To the best of my understanding rational expectations assumes that people use the best information available to them to make their decisions. A key features of this is that people in this mode will also “rationally” realize the limits of their expertise and when the cost of acquiring more knowledge exceeds the benefits they will instead rely on experts in the field or vague heuristics for decision making. The model assumes that people are generally really good at making this decision making (both when they make professional prognostications based on expertise and when they rely on the expertise of others) with all errors being random.

I have two problems with accepting this. First their seems to be an assumption that the random nature and distribution of errors (presumably following a normal distribution) means that all errors will cancel out. I don’t think most markets work this way. Say the price of lunch at the local store varies day by day in response to local conditions. I’m worried about buying cookies if I have extra money so I want to minimize the amount of money I bring. If I guess right, all is well. But if I guess wrong and bring too little or too much money, my whole afternoon is ruined. Random errors don’t cancel each other out, rather the degree of deviation from the correct answer diminishes my overall utility.

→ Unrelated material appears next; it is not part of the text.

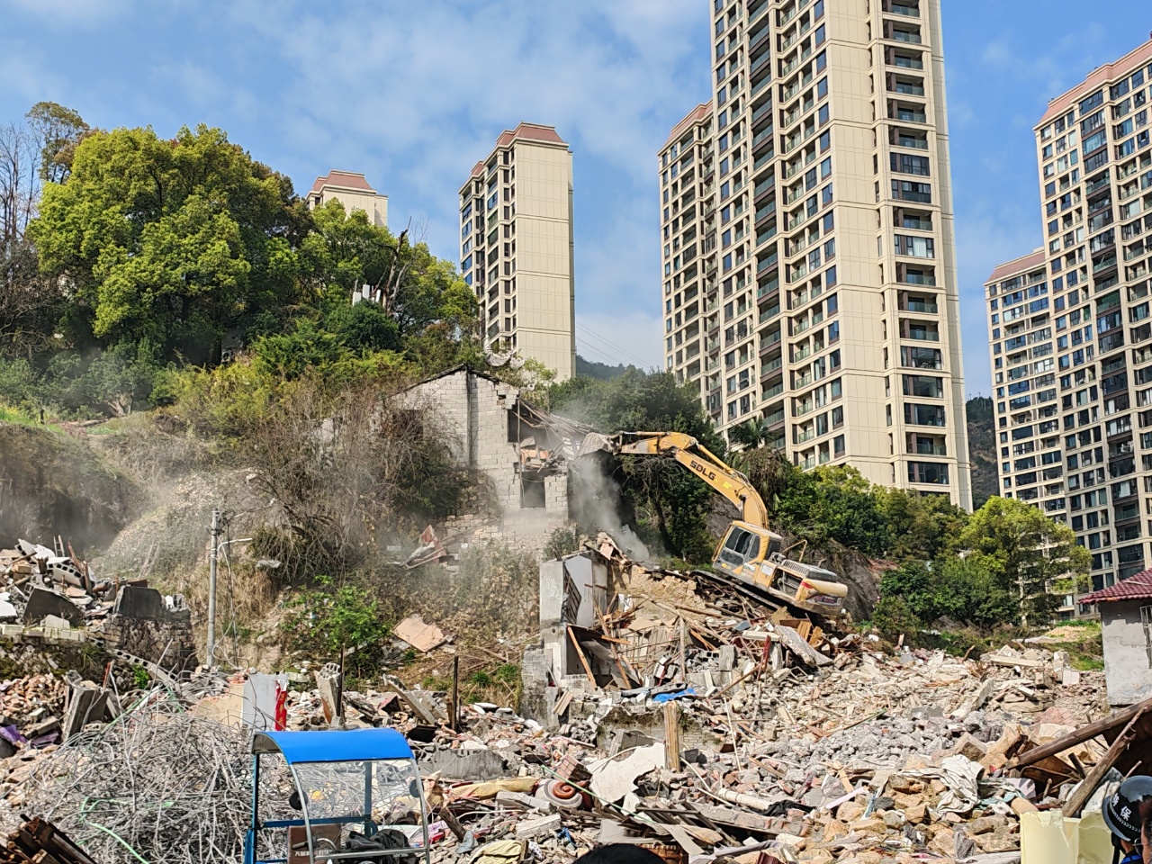 本周,瓯南街道石郭上村持续推进旧村改造房屋拆除工作。
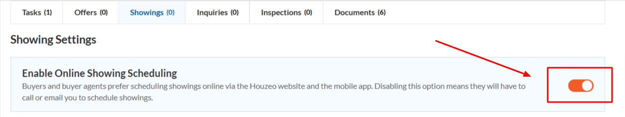 4. Ensure the Showing toggle is turned on, If the setting is enabled, your property is ready to receive showings.

This critique is of course begging the question of whether we can really predict very well at all, even given some kind of error term. In simple scenarios I can see we could be fairly decent at this. I buy myself lunch, I know that lunch was worth it, you buy me a present and reason using your expert knowledge of me that I’ll like it. But if we look at more complicated financial devices we soon are faced with a lot more hidden information. I buy a stock. The value of the stock is, in general, based off what someone else is willing to pay for it.  Now the stock might be for a plumbing company. As I am a master of all things related to plumbing I can look at the company and figure, based on the secret plumbing techniques that I know, about how much the plumbing company should be able to earn and thus how much I can expect it to be worth in the future. But most people are not me. They don’t have the secret knowledge of all thing related to plumbing graven deeply into their hearts. So when they try and discern the worth of the plumbing stock the only thing they can look to is the past prices and people past willingness to pay. But there’s a problem. My informed decision has a measure of error in it. I might be over valuing it or undervaluing it but surely I have not perfectly priced it. So when the uninitiated looks for the value of a plumbing company and makes his judgment as to its worth he’s going to be wrong, because the information he was basing his decision on was wrong, and then he’s going to be wrong again, because everyone has some small amount of error in their judgments.

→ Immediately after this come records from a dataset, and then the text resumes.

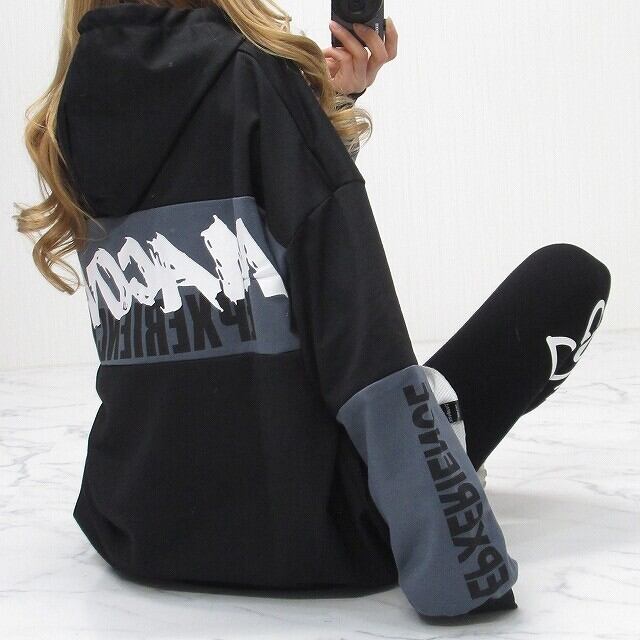 袖ロゴ&Frontロゴ&バックロゴ配色切替でどこから見てもオシャレ感抜群!ストリートBOYSストリートBOYSカジュアル♪ ダボっとビッグシルエットパーカー ☆
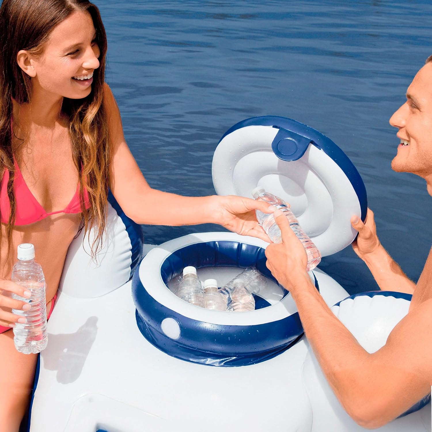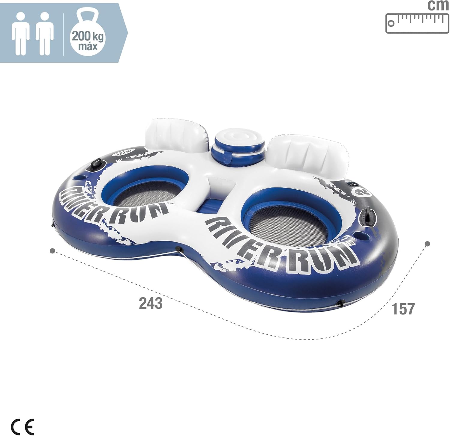 Comodo schienale Fondo in morbida rete Per due persone Descrizione fascia d'età: 14 anni e oltre colore: blu, bianco e nero materiale: vinile lunghezza: 243 cm larghezza: 157 cm
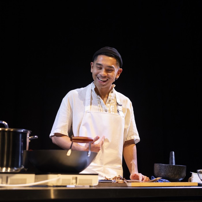 With Pap (9+), dancer, choreographer, and creator Art Wutthinan Srisayam sets up his stove on stage and explores what was instilled in him from a young age. By stirring, smelling, and grinding fresh herbs with a mortar, Art hopes that this solo performance will bring him closer to his late father. Who was he, and what of him remains? For this project, Art traveled to Thailand to meet his father’s family again after more than twenty years. There, he regained an important memory: how his father taught him to cook.
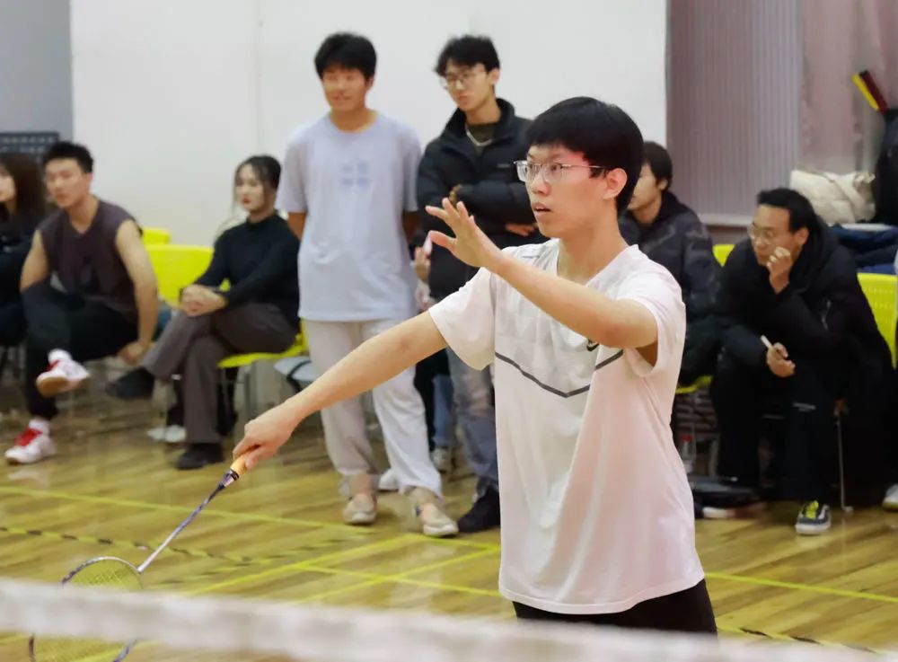 参赛队员早早来到了比赛场地进行热身运动,大家都摩拳擦掌,跃跃欲试。哨声一响,现场气氛一片火热,每一位参赛选手都以饱满的热情和昂扬的斗志投入到比赛中。发球、挥拍、扣杀、防守,赛场上的同学们奋力拼搏、相互配合,一招一式都充分展现了选手们精湛的球技、灵活的步伐、矫健的身姿,场下观众喝彩声、加油声、欢呼声此起彼伏。无论是选手还是观众,都充分享受着比赛,感受着体育的魅力。

Now this won’t always lead to tragedy.  The concept I dismissed in my first example, where random variations and errors cancel each other out, could indeed fix problems a fair percentage of the times. But as long as a large percentage of the market is making their own decisions on market actions, solely on the perceptions of others, you have a system that is in fact not rational because errors within the system will systematically become larger, like waves. I buy many shares of the plumbing company do to my plumber-iness. Sometimes this will reflect a true new discovery of real value. But often I will merely be mistaken. Nevertheless outsiders won’t know I’m mistaken. They’ll see an uptick in the price of stocks and, as their only way of knowing the worth of something is assuming that “the market” will set the prices at the appropriate level,  buy more stock. This causes a further uptick in the stock, and so on and so forth. As long as other peoples perceptions, invariably flawed, are included with the model, error terms will occasionally multiply, making the market, made up of rational individuals, occasionally act in an irrational manner.

I’m curious how close the explanation of booms and bust fits, both with established econ explanations and with the data we have on booms and bust. Suffice to say that it defies rational expectations, that a theory called rational expectations, would seem to posit that we behave in ways that don’t coordinate towards maximum efficiency. As always interested in logical flaws in my argument.